━━ SUPPLIED ENTRIES
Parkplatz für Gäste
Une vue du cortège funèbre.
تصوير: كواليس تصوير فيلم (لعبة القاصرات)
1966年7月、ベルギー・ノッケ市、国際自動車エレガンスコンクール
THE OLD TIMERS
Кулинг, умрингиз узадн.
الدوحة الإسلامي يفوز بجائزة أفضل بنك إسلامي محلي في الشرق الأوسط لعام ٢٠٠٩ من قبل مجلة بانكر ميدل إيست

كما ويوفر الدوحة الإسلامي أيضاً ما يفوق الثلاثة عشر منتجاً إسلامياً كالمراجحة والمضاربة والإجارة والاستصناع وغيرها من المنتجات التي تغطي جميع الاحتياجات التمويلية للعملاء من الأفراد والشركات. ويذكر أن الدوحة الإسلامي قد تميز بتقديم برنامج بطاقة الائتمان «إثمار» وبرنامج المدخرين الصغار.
━━━━
━━ SUPPLIED ENTRIES
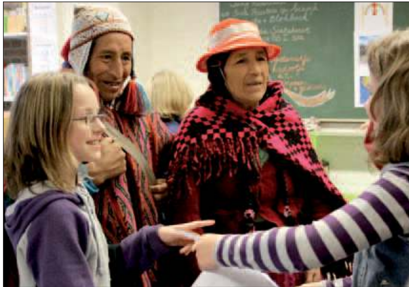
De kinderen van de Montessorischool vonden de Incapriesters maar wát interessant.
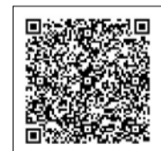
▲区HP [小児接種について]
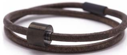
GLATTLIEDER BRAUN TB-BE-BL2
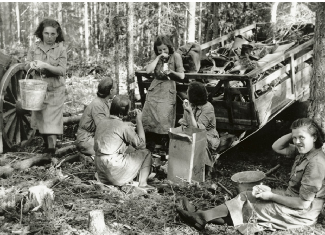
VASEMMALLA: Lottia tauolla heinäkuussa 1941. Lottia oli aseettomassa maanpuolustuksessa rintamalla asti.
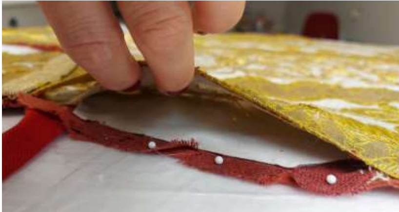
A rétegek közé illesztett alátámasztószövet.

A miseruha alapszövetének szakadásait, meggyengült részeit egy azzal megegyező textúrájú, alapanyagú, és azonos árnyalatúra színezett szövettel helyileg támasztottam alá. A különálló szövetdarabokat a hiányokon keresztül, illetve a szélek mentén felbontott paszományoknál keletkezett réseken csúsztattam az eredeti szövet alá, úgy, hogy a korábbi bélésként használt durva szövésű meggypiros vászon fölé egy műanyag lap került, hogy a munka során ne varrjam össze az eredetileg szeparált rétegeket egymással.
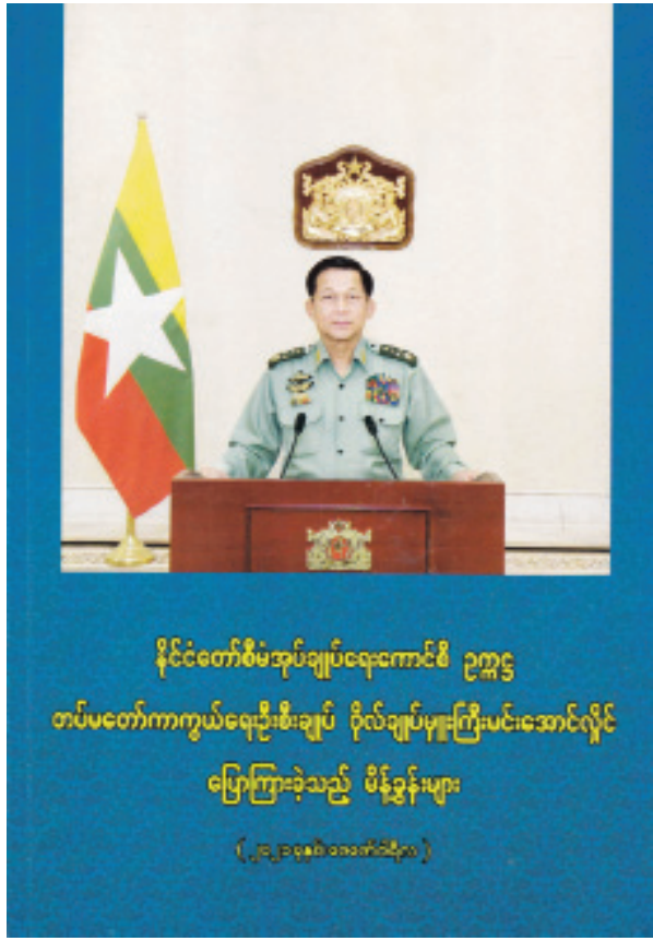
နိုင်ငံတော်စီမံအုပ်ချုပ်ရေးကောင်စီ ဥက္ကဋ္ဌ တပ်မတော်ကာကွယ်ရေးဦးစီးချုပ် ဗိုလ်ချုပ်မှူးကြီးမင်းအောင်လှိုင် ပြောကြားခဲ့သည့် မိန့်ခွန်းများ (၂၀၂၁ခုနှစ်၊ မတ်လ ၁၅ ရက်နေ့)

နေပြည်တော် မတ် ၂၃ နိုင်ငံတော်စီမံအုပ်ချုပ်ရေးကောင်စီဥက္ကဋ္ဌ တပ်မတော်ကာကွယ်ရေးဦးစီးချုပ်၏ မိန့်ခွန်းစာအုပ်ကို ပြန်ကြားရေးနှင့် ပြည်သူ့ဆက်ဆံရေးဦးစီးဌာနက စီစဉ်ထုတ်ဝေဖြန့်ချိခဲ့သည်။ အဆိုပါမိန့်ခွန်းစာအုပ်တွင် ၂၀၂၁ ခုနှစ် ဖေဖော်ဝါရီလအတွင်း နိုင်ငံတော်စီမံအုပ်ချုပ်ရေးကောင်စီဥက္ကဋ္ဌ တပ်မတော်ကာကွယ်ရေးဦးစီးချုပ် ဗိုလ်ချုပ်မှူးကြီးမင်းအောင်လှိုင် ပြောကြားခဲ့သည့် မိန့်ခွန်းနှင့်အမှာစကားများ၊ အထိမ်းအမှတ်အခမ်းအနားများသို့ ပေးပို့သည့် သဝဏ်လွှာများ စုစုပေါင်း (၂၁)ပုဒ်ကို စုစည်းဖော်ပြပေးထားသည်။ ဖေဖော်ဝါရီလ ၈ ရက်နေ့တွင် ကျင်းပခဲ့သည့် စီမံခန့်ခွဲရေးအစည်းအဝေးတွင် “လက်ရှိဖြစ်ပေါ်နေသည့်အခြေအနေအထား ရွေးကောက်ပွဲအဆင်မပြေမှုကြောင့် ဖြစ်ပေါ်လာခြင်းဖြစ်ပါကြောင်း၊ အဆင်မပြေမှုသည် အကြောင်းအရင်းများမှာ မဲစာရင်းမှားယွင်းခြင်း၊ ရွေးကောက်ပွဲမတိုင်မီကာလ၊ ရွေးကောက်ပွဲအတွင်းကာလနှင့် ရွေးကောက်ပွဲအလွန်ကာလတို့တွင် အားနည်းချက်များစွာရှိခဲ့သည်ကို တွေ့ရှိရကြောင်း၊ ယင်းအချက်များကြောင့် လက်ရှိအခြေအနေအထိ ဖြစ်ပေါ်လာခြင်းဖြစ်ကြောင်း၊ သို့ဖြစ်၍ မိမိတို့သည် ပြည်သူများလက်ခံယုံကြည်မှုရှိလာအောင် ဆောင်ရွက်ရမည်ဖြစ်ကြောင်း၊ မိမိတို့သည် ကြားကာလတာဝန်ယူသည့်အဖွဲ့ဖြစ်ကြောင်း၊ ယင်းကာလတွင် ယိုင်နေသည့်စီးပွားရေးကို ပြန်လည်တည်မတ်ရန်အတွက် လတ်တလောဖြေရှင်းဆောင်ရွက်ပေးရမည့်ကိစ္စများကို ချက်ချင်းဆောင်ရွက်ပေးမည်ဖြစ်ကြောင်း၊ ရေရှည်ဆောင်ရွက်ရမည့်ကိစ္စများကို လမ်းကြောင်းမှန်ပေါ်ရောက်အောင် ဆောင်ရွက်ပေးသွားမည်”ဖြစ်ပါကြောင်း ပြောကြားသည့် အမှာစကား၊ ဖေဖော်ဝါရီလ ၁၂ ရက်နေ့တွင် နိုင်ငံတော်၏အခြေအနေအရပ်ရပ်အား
━━━━
• PROBLEM STATEMENT
Drop the pictures; return the lines above from the line containing "VASEMMALLA: Lottia tauolla" to the line containing "A rétegek közé illesztett alátámasztószövet.", both included, exactly.

• COMPLETED EXERCISE
VASEMMALLA: Lottia tauolla heinäkuussa 1941. Lottia oli aseettomassa maanpuolustuksessa rintamalla asti.
A rétegek közé illesztett alátámasztószövet.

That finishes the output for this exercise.